Let's use mtcars
to explain the situation.
What I want to do is the same below for multiple columns. To have the mean of a column qsec
(in the example) regarding another column with a specific value (4 and 6, in the example below). I'll compare the result later so maybe I would store the results in a vector
table(mtcars$cyl)
4 6 8
11 7 14
mean(mtcars$qsec[mtcars$cyl == 4], na.rm = T)
mean(mtcars$qsec[mtcars$gear == 4], na.rm = T)
I would like to check the means of qsec
regarding the cyl
, and let's say gear
and carb
, with the same "pattern" for the mean i.e. mean of observations with 4 and mean of observations 6. In the true dataset would be several columns that have the same set of numbers (2, 0 and 1).
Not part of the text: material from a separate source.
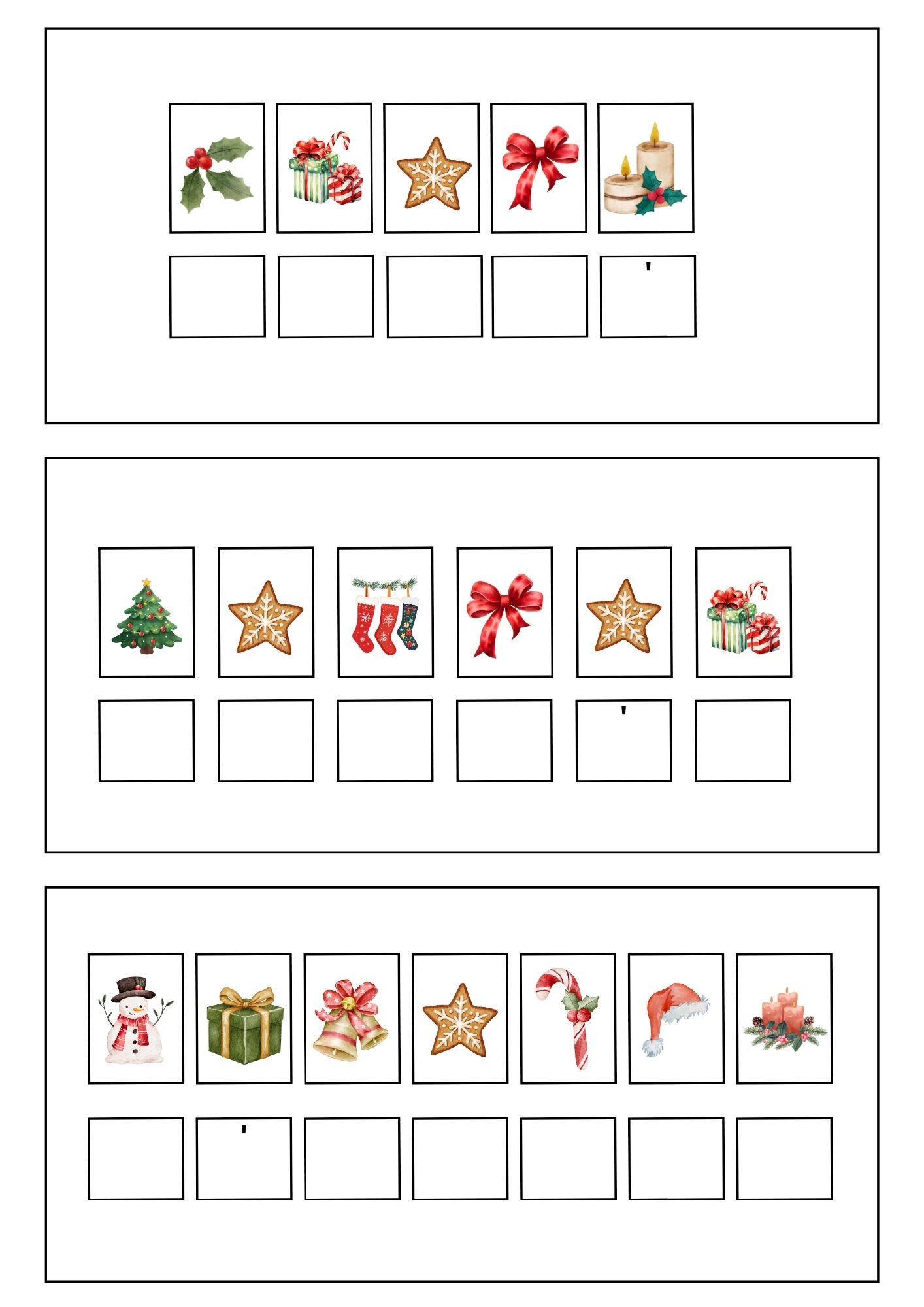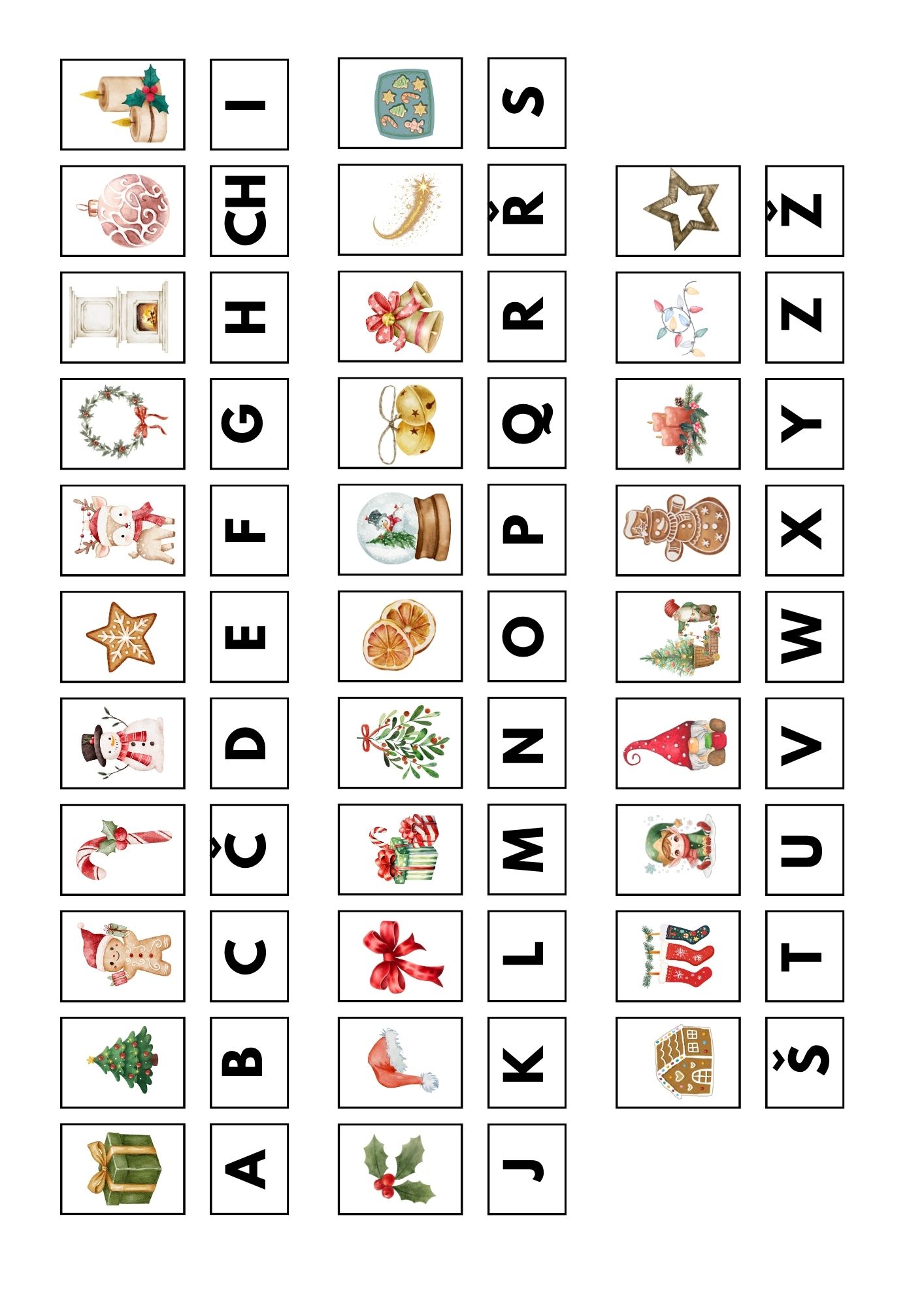 - 15 šifrovacích karet s vánoční tematikou – symboly, kódy, obrázky, spojování i luštění

I'll compare the means of a column (in the example qsec
) with observations 2 and 0.
I've tried to look at the functions like tapply
, apply
, sapply
. But I'm stuck in having the condition in the mean applying for every column (at once).
Hope I made myself clear. Thank you!
What I understand you're looking for is the mean of qsec
for each level of cyl
, gear
, and carb
separately, not in combination. This code gets you that, but doesn't directly let you select specific levels of those factors. If you need to be able to do that second part, I think you should be able to tweak this to get there, but I'm not sure how...
apply(mtcars[,c("cyl","gear","carb")], 2, function(x) {
aggregate(mtcars[,"qsec"],list(x),mean)
})
Output:
$cyl
Group.1 x
1 4 19.13727
2 6 17.97714
3 8 16.77214
$gear
Group.1 x
1 3 17.692
2 4 18.965
3 5 15.640
$carb
Group.1 x
1 1 19.50714
2 2 18.18600
3 3 17.66667
4 4 16.96500
5 6 15.50000
6 8 14.60000